1. By default, Kafka tries to send records as soon as possible
- It will have up to 5 reuests in flight, meaning up to messages individually sent at the same time.
- After this, if more messages have to be sent while others are in flight, Kafka is smart and will start batching them while they wait to send them all at once.
2. This smart batching allows Kafka to increase throughput while maintaining very low latency.
3. Batches have higher compression ratio so better efficiency
4. So how can we control the batching mechanism?
- Linger.ms: Number of milliseconds a producer is willing to wait before sending a batch out. (default 0)
- By introducing some lag (for example linger.ms=5), we increase the chances of messages being sent together in a batch
- So at the expense of introducing a small delay, we can increase throughput, compression and efficiency of our producer.

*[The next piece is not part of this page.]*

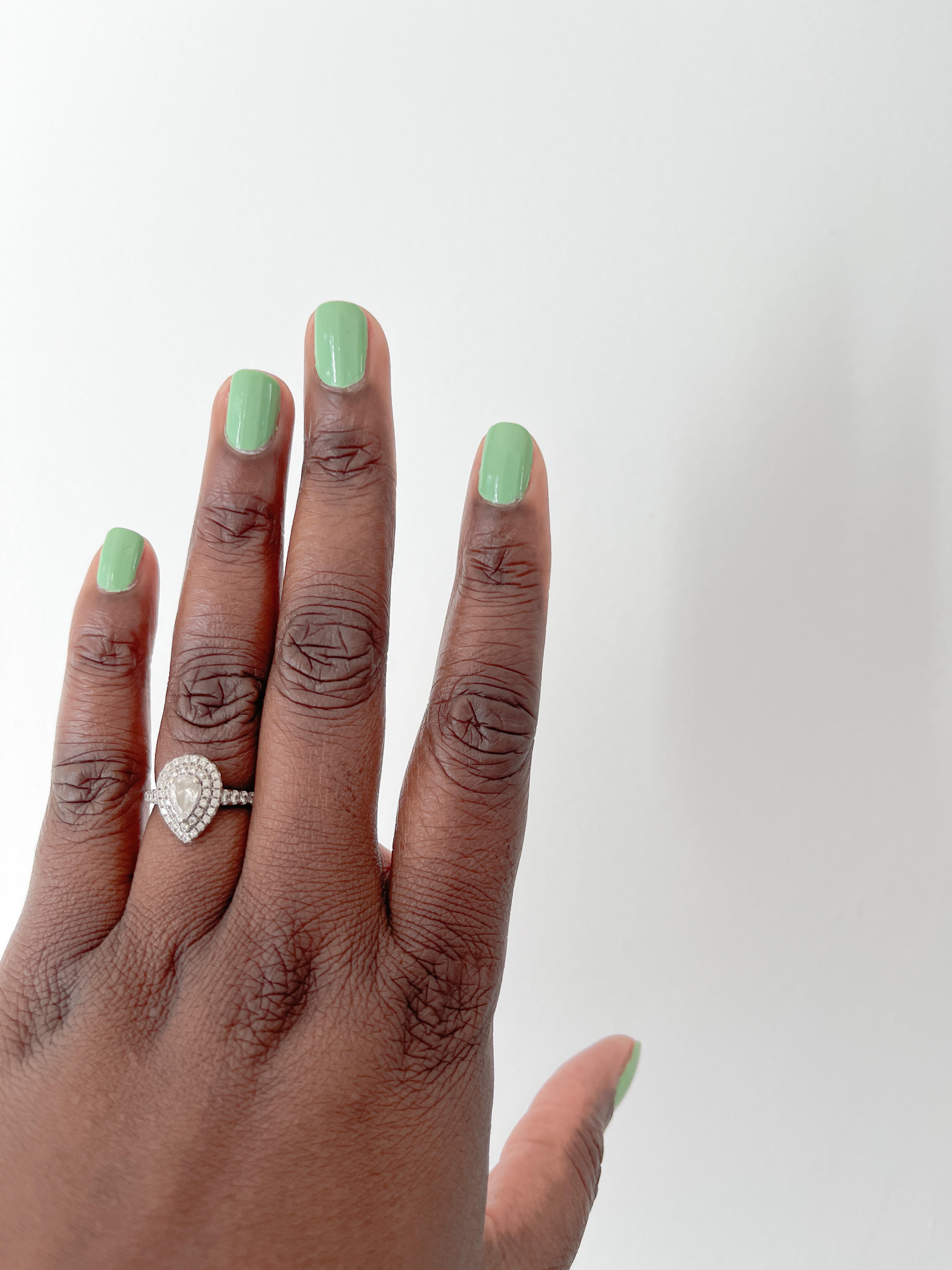 With spring around the corner, it’s hard to miss all the beautiful pastel colours everywhere. A great temporary way to inject some freshness into my life is by changing something minor and quick, like nails.I bought this Essie quick-dry nail polish in the shade “express to impress,” The shade is a beautiful pastel green. It reminds me of pistachio ice cream and the Caribbean sea. I also feel this shade looks great on all skin tones, mainly olives and deep dark skin tones.

- If a batch is full (see batch.size) before the end of the linger.ms period, it will be sent to Kafka right away!
* Linger.ms
- batch.size: Maximum number of bytes that will be included in a batch. The default is 16KB.

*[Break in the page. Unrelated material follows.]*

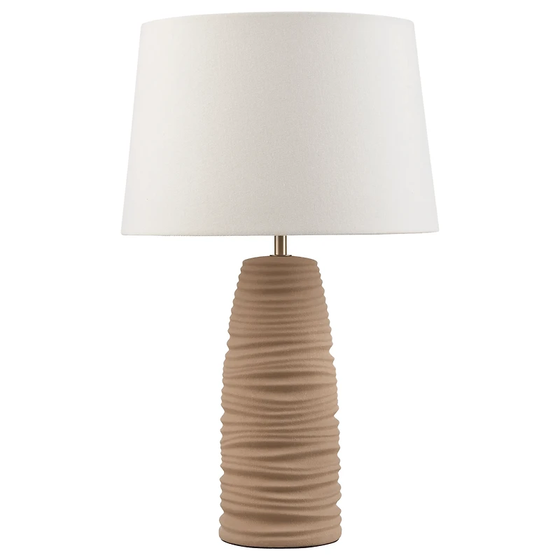 Brighten your home with this charming table lamp. Its textured ceramic base in a warm beige hue brings a cozy touch to any space. The soft fabric shade gently diffuses light, creating an inviting atmosphere perfect for relaxing evenings or productive work sessions. Whether placed in the living room, bedroom, or home office, this lamp adds both style and warmth to your décor. Enjoy the comforting glow and lovely design that make this lamp a delightful addition to your home.

- Increasing a batch size to something like 32KB or 64KB can help increasing the compression, throuthput, and efficiency of requests
- Any message that is bigger than the batch size will not be batched
- A batch is allocated per partition, so make sure that you don't set it to a number that's too high, otherwise you'll run waste memory!
- (Note: You can monitor the average batch size metric using Kafka Producer Metrics)